Considering the many challenges facing the Ambitious City, Dale offers thoughts on policy solutions, which he pairs with interviews with local policy experts. He is a firm advocate of public transit throughout the region: “Transit has the ability to put the poor on a more equal footing with the rich.” As access to transit increases, another policy goal — affordable housing — should become more viable. But he does wonder if the political will that’s necessary for fostering a renewed sense of community exists. “Or will those great ideas stay confined to briefing booklets, of little interest to anyone in the real world?”

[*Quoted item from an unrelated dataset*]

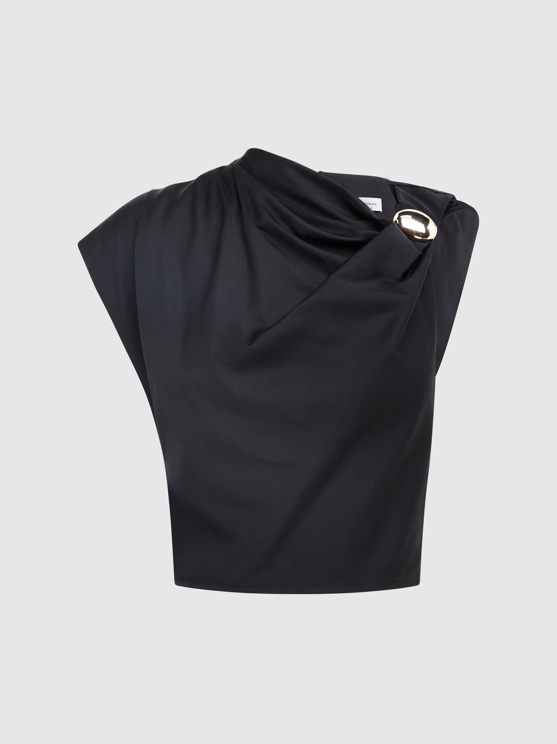 Effortlessly elevate your wardrobe with monochrome tones. Introducing our Olivia Top - showcasing a Cotton Spandex blend fabrication, fitted crop style, asymmetrical neckline with gold hardware detail, one shoulder has cap sleeve and invisible side seam zip at hem. Pair with our matching Olivia Skirt to complete the look.
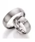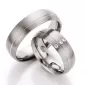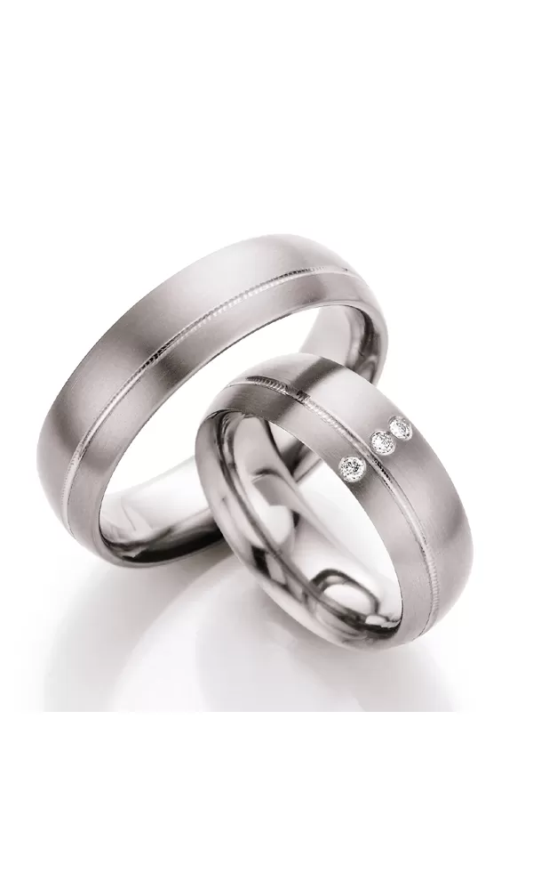 Široké titánové snubné prstene polguľatého profilu s matnou povrchovou úpravou a lesklou ryhou. V dámskom prsteni sú vsadené tri okrúhle diamanty… Celý popis

Ultimately, Dale is kind to Hamilton, but writing a book like this means leaving plenty out, including lessons drawn from other places. Like Pittsburgh, the city has emphasized health care services and education as it has gradually lost its steel plants. But other rust belt cities, such as Rochester and Baltimore, have pursued similar strategies to lesser effect. In countless ways, Hamilton has done better than Buffalo and many other Canadian communities that have seen both industry and population decline. “When you take a look at Hamilton,” Dale quotes the labour studies professor Wayne Lewchuk, of McMaster University, “you can see that it’s not falling apart. It’s certainly had some bumps, but there’s been a transition.”

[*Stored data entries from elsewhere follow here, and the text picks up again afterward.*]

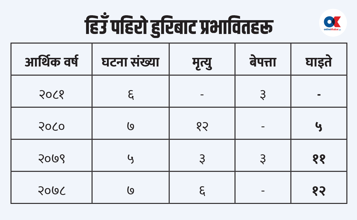राष्ट्रिय विपद् जोखिम न्यूनीकरण तथा व्यवस्थापन प्राधिकरणका अनुसार आर्थिक वर्ष २०८१ मा हिउँ पहिरोका ६ वटा घटना भएका थिए, जसमा ३ जना बेपत्ता भए । त्यसैगरी आर्थिक वर्ष २०८० मा ७ वटा घटना भएकोमा १२ जनाको मृत्यु भयो । ५ जना घाइते भए ।
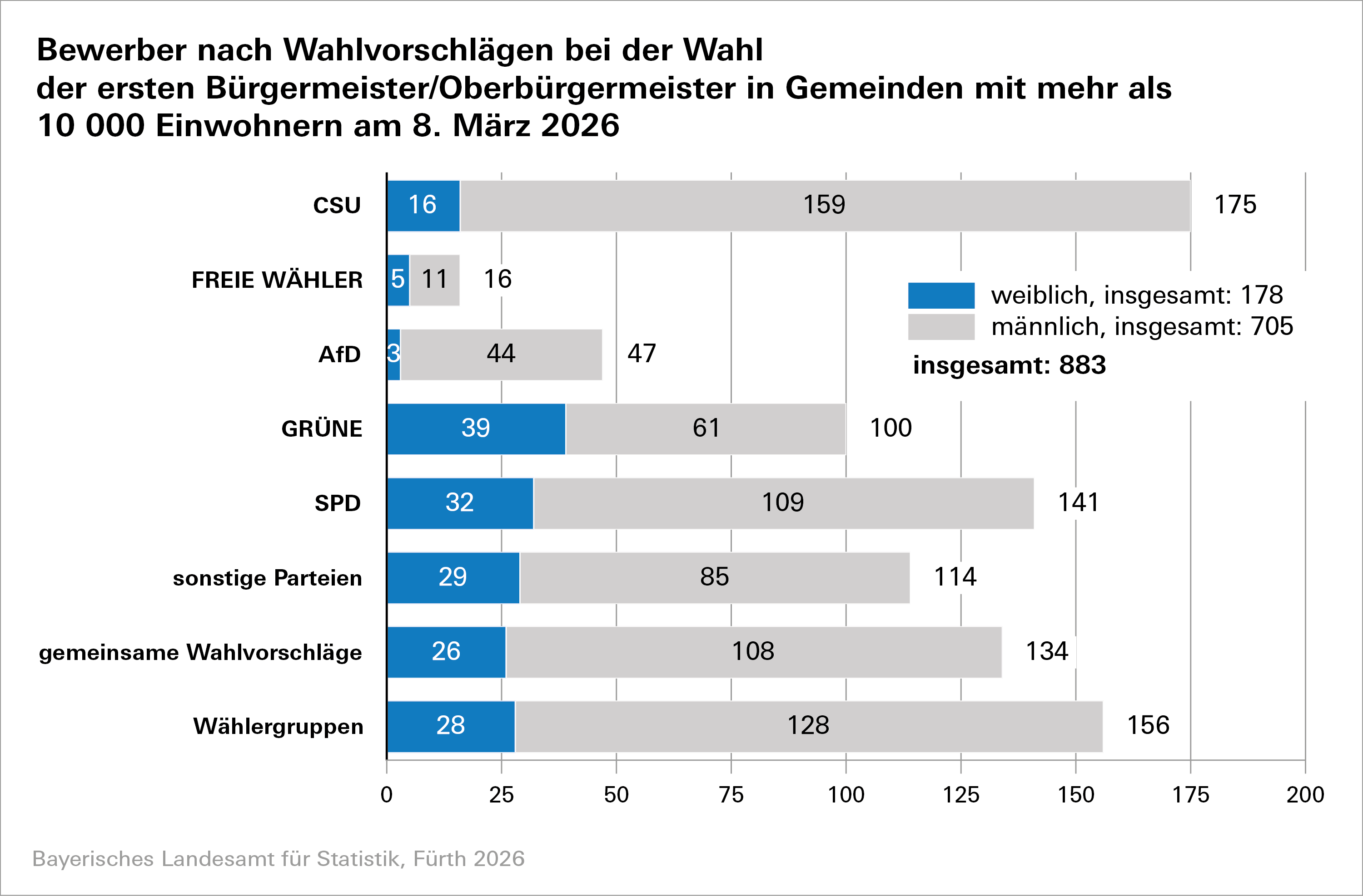 Fürth. Am 8. März 2026 finden die allgemeinen Gemeinde- und Landkreiswahlen im Freistaat statt. Das Bayerische Landesamt für Statistik wird am Wahlabend, Sonntag, 8. März 2026, die Ergebnisse der Schnellmeldungen aller Oberbürgermeisterwahlen und der Bürgermeisterwahlen in kreisangehörigen Gemeinden mit mehr als 10 000 Einwohnern sowie der Landratswahlen in der Webpräsentation veröffentlichen: www.kommunalwahl2026.bayern.de
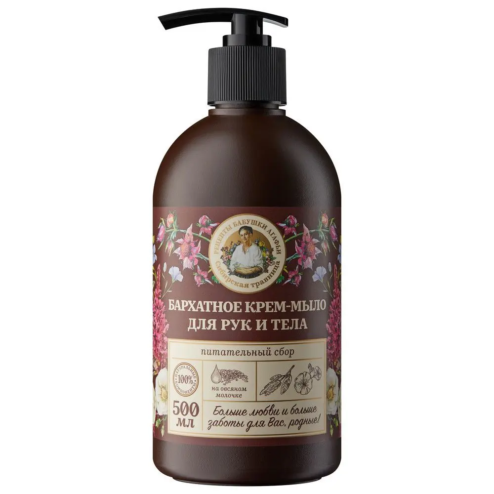Рецепты бабушки Агафьи бархатное крем мыло для рук и тела питательный сбор на овсяном молочке 500 мл
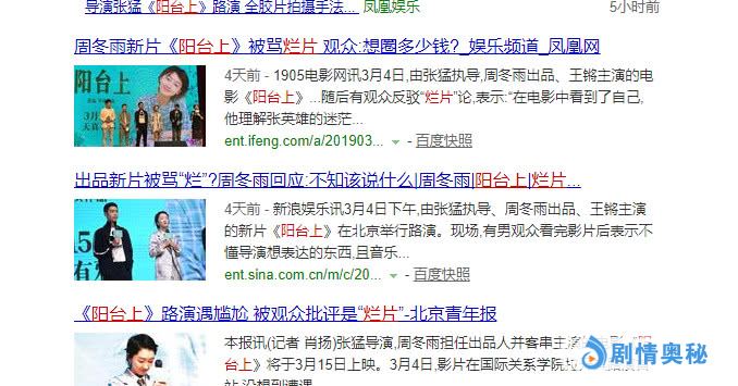 目前定档的《过春天》虽然口碑优秀,但文艺片的性质注定票房有限,周冬雨主演的《阳台上》同样如此,而且口碑似乎出了问题,在路演中被观众直接批评为烂片。让主创团队很尴尬。

Saying that things could have been worse is likely cold comfort for those who used to work at Stelco, Dofasco, Camco, and all the other factories that supported them. It is also easy to imagine a halcyon period when Canada’s urban areas were entirely full of bustling factories that employed scores and scores of well-paid unionized workers. In reality, there have always been marginalized outsiders in our cities. Precarious work is as much historical fact as contemporary trend.
Still, Shift Change: Scenes from a Post-industrial Revolution is a useful and passionate addition to those books on Hamilton that already sit on library shelves, although it is not especially engaged with those titles. Dale references the Wilfrid Laurier University historian Rob Kristofferson and the artist Simon Orpana, but he does not cite the scholarship of Craig Heron, of York University. Ignoring Lunch-Bucket Lives: Remaking the Workers’ City, Heron’s monumental look at late nineteenth- and early twentieth-century Hamilton, is especially curious, because no historian has done more to put Hamilton in the history books than Heron.

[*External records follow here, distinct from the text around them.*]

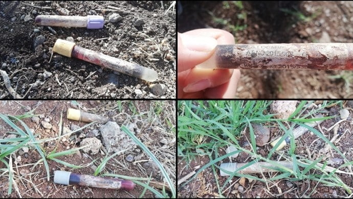 Diyarbakır’ın Bağlar ilçesine bağlı Yeniköy Mezarlığı’nda bulunan “kimsesizler” bölümünde toprağa gömülen dolu kan tüpleri ortaya çıktı. Jinnews’te yer alan habere göre, olay bayram dolayısıyla mezarlık ziyaretine gidenlerin görmesiyle öğrenildi. Kan tüplerinden birinin üzerinde Ali Demir isminin yazılı olduğu görüldü.
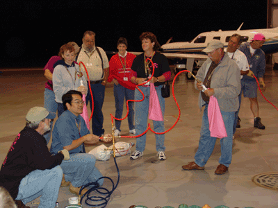 The inflation went smoothly, but the weather did not improve. When the hot-air balloons arrived at 5:45 for the pilot briefing, Steve put the balloon launch on hold. At this point, the cloud ceiling dropped even farther, obscuring the top of nearby hills, and the wind came up. Finally, after an hour, it was decided that the balloons should just do a short hop across the airport grounds for the spectators, but no real flights would be allowed. It was a disappointment, but there with conditions the way they were it would be dangerous to fly, as well as illegal. So, not altogether happily, we put the cluster together to get ready for the show. |
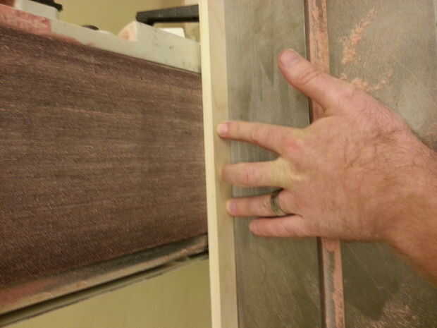 Utilizamos la sierra con una cerca para mantener el mismo espesor a todo lo largo. Ver foto. Luego lija en el lado de corte. Nos quedamos con dos barras rectangulares por a partir pieza cuadrada.
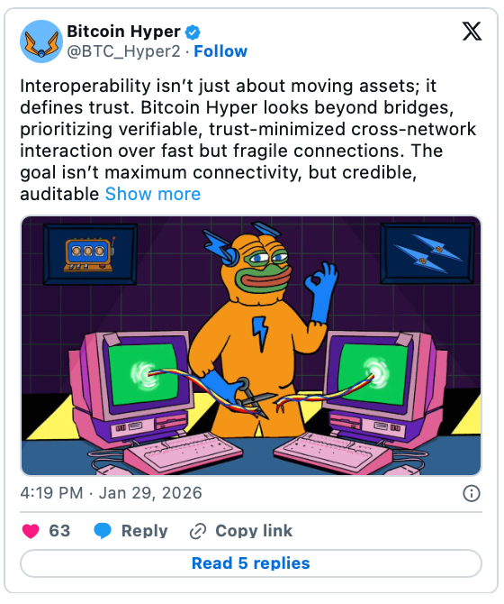 Köprü mekanizması motor görevi görür ve Bitcoin Hyper’ın son geliştirici güncellemesinde olduğu gibi “asgari güvene dayalı birlikte çalışabilirlik” yaklaşımını benimser. Kullanıcıların küçük bir doğrulayıcı grubunun dürüstlüğüne güvenmek yerine kriptografik kanıta dayalı bir modeli hayata geçirir.
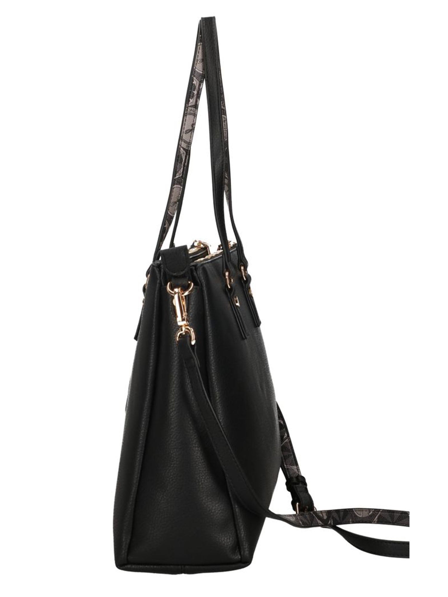 Il modello è dotato di due manici per il trasporto a mano e di una tracolla removibile, che consente di indossarla comodamente a spalla o crossbody secondo le esigenze. La struttura ampia e capiente permette di organizzare con facilità tutti gli oggetti essenziali, rendendola ideale per la vita di tutti i giorni.
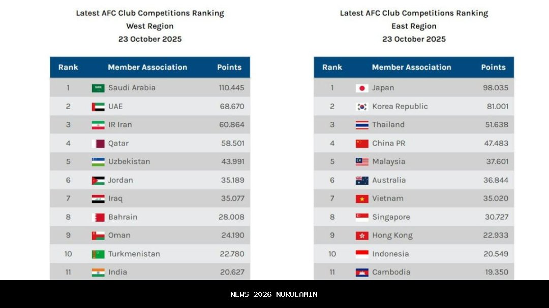 Update Ranking Grup Timur AFC, 23 Oktober 2025
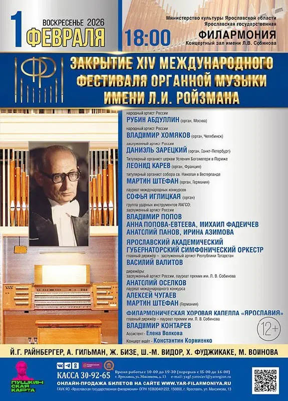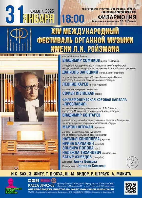 Фестиваль органной музыки имени Л.И. Ройзмана пройдет в Ярославле в 2026 году. Гостей ждет насыщенная программа. Концерты пройдут в Филармонии. Приходите насладиться музыкой! 🎶
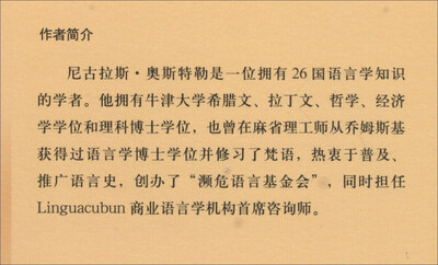 语言史的发展正是世界历史的映射,本书通过世界各地语言的起源流通繁衍,展现了语言背后的经济政治发展历程。
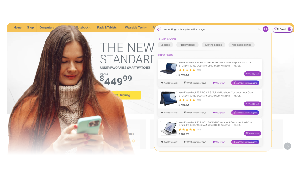 VendifAI reduces friction in the buying journey by helping shoppers find the right product faster, compare options, and move directly to checkout, leading to higher engagement and improved conversion rates
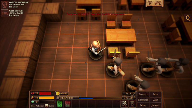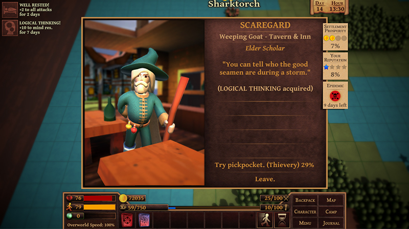 One of them is an Elder Scholar who gives Logical Thinking effect to the hero if you buy him a meal. Logical Thinking is a major effect that lasts for several days. It gives +10 mind resistance. The scholar also tells a life lesson every time you buy him a meal. We intended to make these life lessons procedural but it didn’t generate well enough so for now they are hand written (we may try again in the future).

Steeltown may have suffered, but it is resilient. Even as Dale wants to see it renewed, a strong sense of community remains. As I learned on all those bus rides long ago, Hamiltonians are proud and unpretentious. They will be the first to hand you the shirts off their backs if you are down; they will also be the first to tell you to go to hell if you cross them. With a book full of unique characters and places — where the city itself is the greatest character of all — Stephen Dale offers new insights into a very special part of the Canadian landscape.
Jason Russell is the author of Canada, A Working History.